The activity of her people should have an outlet in the development of such foreign parts as need or wish for development. Great Britain has shown very little foresight in constantly opposing such efforts, playing Morocco into the hands of France, a nation that remained stationary for forty-four years, with little more than half of the population of Germany, and with a system equally undermining religion and morality in keeping families small for the sake of worldly comforts.
England, furthermore, constantly obstructed the German endeavor to reclaim for the benefit of all of the world the granary in Mesopotamia. A permanent peace will mean that this German activity must get a wide scope without infringement upon the rights of others.
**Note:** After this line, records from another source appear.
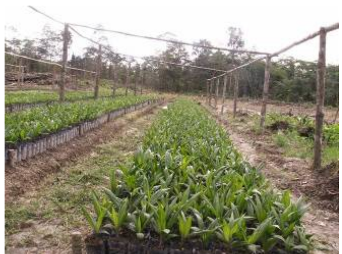
Palm oil plantations in Cauca, southern Colombia.

In March, preliminary findings indicating that palm oil plantations aggravate the internal displacement situation in Colombia were presented to US Congress, Library of Congress, USAID and US State Department officials, researchers and international institutions and NGOs in Washington and New York.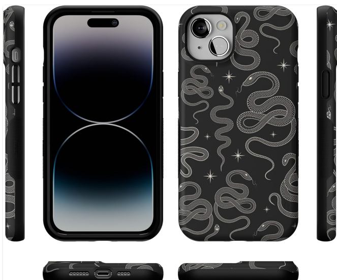
Image: Various angles of the case, highlighting precise cutouts for ports and buttons.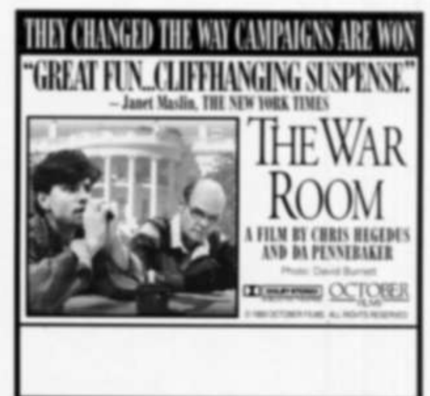
Ad 102 1 col x 2" = 2"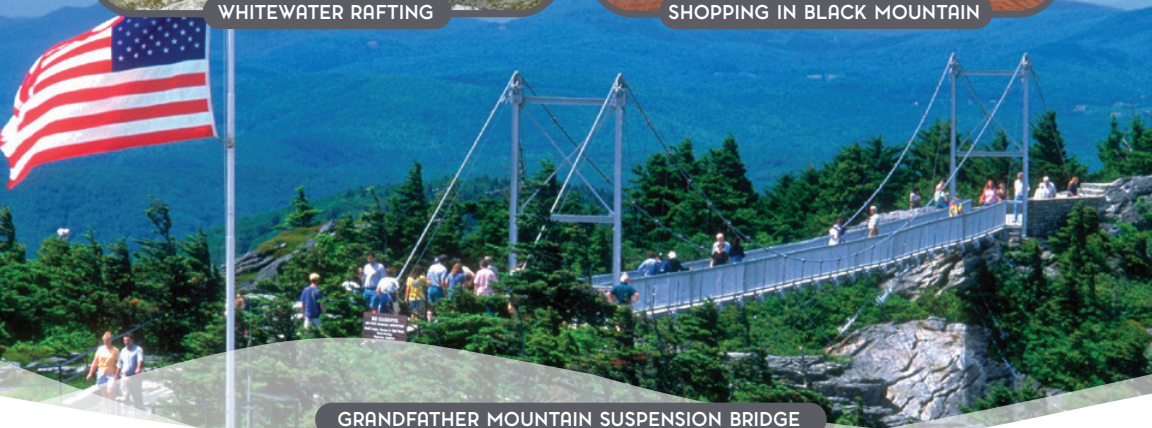
GRANDFATHER MOUNTAIN SUSPENSION BRIDGE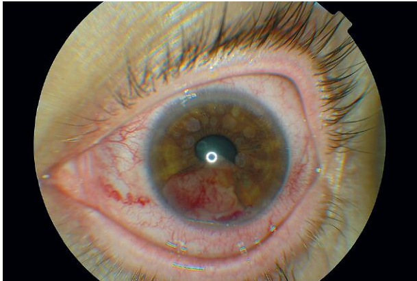
Fig. 1. The anterior segment examination revealed a tumor mass spread over the whole iris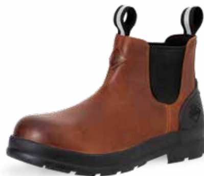
CCLP-901 | Caramel ASTM F2892-18 EH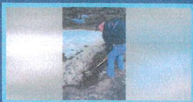
"Clean Storm Drains" MARCH 13, 2023

Reach - 1.3K Reactions - 32 Comments - 3 Shares - 4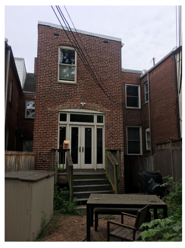
EXISTING REAR FACADE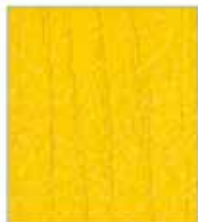
Marker Yellow C-62

Germany should be encouraged to continue her activities in Africa and Asia Minor, which can only result in permanent benefit to all the world. Americans have a saying "that it will never do good to sit on a safety valve."
There is nothing in the program of my country which would not be beneficial to the rest of the world, especially the United States. That this is so the events of the last months have conclusively shown, and a better appreciation of what Germany really stands for has recently taken place. So, if I plead the cause of my country, I am not pleading as a German alone, but as a citizen of a country who wishes to be a useful and true member of the universality of nations, contributing by humanitarian aims and by the enhancement of personal freedom to the happiness of even the lowliest members of the great world community.
I am proud to say that I cannot only give this assurance, but produce facts, and I beg to refer to the modern system of social reforms which Germany inaugurated and carries through at an expense which is every year larger by half than the expense of the military system.
The brunt of this war has not been borne by the men who fight, but by the women who suffer, and it will be one of the proudest and most coveted achievements that Germany will gain in rewarding in a dignified and permanently beneficial way the enormous sacrifices of womanhood, to alleviate to the extent of the possible the hardships and sorrows that this war has brought upon them.
The Allies' Conditions of Peace
By Sir Edward Grey
Sir Edward Grey, presiding at a lecture on the war by Mr. Buchan, delivered March 22, 1915, reviewed the origin and causes of the conflict. Germany, he said, refused every suggestion made to her for settling the dispute by means of a conference. On her must rest for all time the appalling responsibility for having plunged Europe into this war. One essential condition of peace must be the restoration to Belgium of her independence and reparation to her for the cruel wrong done to her. England claims for herself and her allies claim for themselves, and together will secure for Europe, the right of independent sovereignty for the different nations, the right to pursue a national existence in the light of general liberty.